Another advantage of this more inclusive concept over the concept of schizophrenia as a psychotic disorder is that much of what has been recently discovered becomes more comprehensible and easier to integrate into practice. For instance, this model also helps students to distinguish between a dopamine theory of the therapeutic action of antipsychotics in current clinical use and a simplistic dopamine theory of the pathophysiology of schizophrenia, as it is easy to understand that many neurotransmitter systems would be disrupted by early developmental problems (121–124). Additionally, the overwhelming number of reports about different physiological abnormalities linked with schizophrenia per se would be easily integrated.

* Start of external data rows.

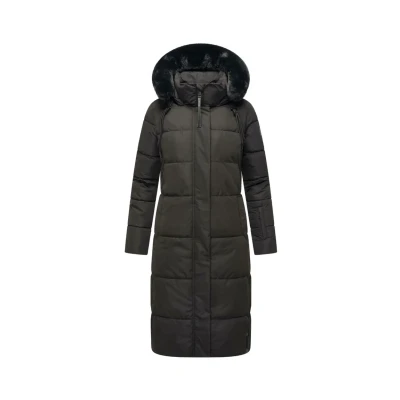 Navahoo Blitzliebe XIV Women's Winter Quilted Coat with Adjustable Hood and (Removable) Faux Fur Lightning Love S 3XL, black, L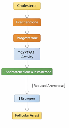The ovarian steroidogenic pathway is dysregulated in PCOS, particularly at the level of 17α-hydroxylase/17,20-lyase (CYP17A1). Increased enzymatic activity shifts steroid production toward androgen synthesis rather than estrogen formation (Diamanti-Kandarakis & Dunaif, 2012).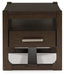 | Details | Made with hardwood solids, hickory veneer and MDF substrate, Dark brown wood-tone finish, Bar pull with polished pewter-tone finish, Single smooth-gliding drawer, Assembly required | |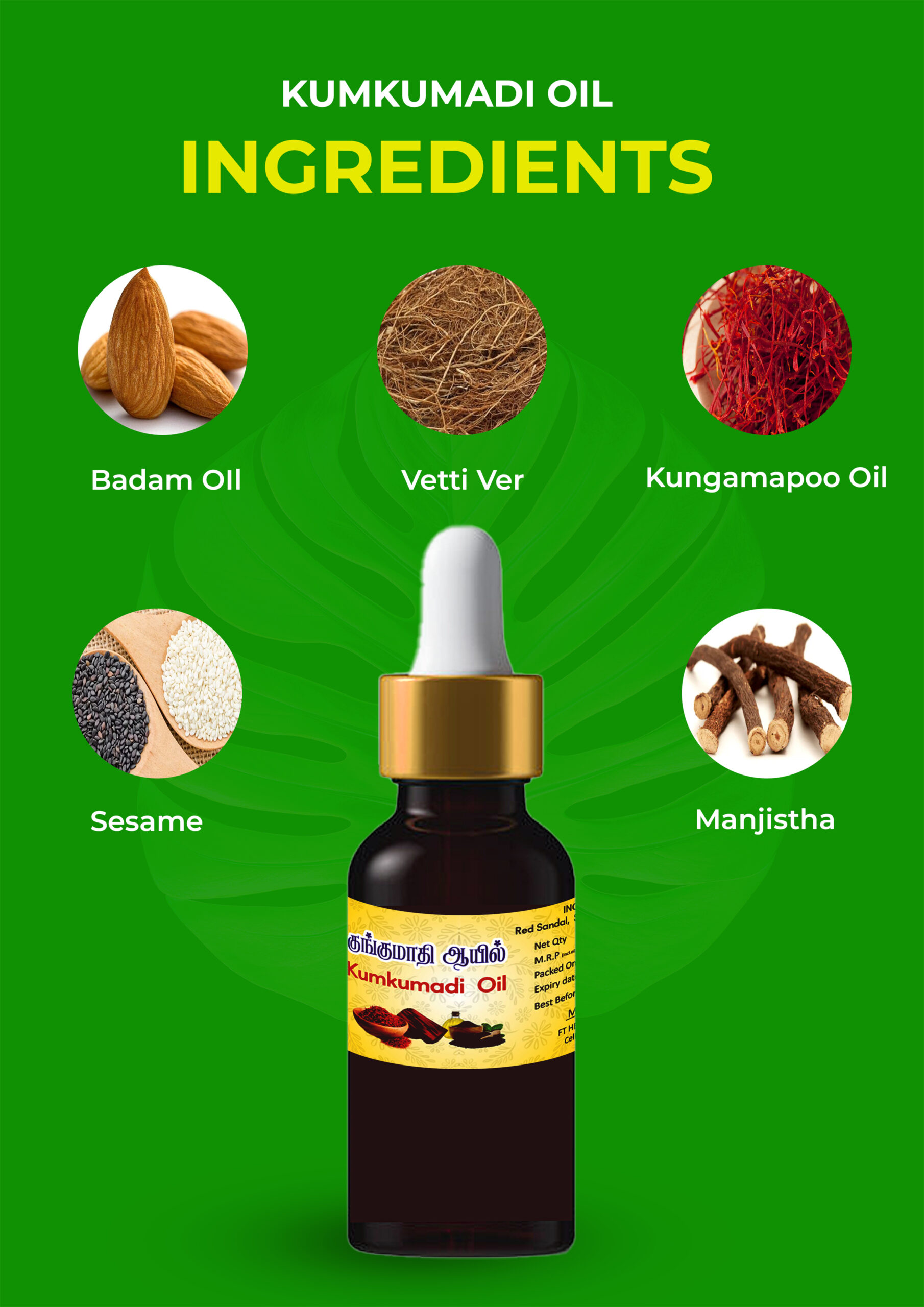 Badam oil, Vetti ver, Sesame, Manjistha.

There are also implications for research. For instance, the evidence for pro-inflammatory states and for the clinical efficacy of anti-inflammatory medications (98–101) is more readily comprehensible with the more inclusive concept, and becomes more plausible as a subject of future research. Other research areas which appear both more plausible and more important than with the older concept include:
given the evidence that schizophrenia and diabetes have shared familial risk, do they have shared genetic risk as well?

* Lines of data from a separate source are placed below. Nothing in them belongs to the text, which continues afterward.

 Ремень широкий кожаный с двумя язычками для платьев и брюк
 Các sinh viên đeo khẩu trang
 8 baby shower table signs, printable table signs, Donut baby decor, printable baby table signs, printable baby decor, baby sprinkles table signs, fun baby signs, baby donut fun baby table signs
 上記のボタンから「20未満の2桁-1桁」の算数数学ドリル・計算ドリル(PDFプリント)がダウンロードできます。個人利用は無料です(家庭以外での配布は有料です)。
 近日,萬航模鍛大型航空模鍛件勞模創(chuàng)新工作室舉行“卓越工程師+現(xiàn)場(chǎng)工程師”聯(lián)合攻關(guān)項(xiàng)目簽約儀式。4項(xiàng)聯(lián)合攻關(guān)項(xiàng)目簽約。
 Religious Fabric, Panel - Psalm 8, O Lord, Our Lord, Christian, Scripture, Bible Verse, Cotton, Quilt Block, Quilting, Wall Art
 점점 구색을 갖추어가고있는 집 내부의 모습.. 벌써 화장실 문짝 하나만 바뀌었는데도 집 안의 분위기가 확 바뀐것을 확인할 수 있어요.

would normalizing adult stem cell signaling have a metabolic or neuropsychiatric therapeutic effect?
can animal models of prenatal stress be used to understand the metabolic problems found in schizophrenia?
Conclusions
If we consider such well-replicated perinatal risk factors for schizophrenia as prenatal stress (125), obstetrical complications, or gestational diabetes in the mother, one would not expect a discrete effect on dopaminergic systems, or even an effect restricted to the brain. In fact, what is found are widespread brain dysfunction and a number of abnormalities in the periphery. A more inclusive model as presented above does not imply that psychotic symptoms are unimportant. Hallucinations, delusions, and disorganization can torment patients and ravage their lives. Furthermore, much of the research on other symptom domains in schizophrenia and the development of strong psychological interventions have been possible because effective antipsychotic drugs are in use. However, because schizophrenia is associated with many causes of both suffering and impairment, we should instill in students the habit of considering targets for treatment in addition to psychotic symptoms, and discuss these problems with patients and family members. Clinicians should also teach students, patients, and family members that some of the problems associated with schizophrenia lie outside the brain. If we continue to focus primarily on psychotic symptoms, students, patients, family members and policy makers will overlook or fail to discuss the other serious problems their patients have and, as a consequence, our patients will endure avoidable suffering.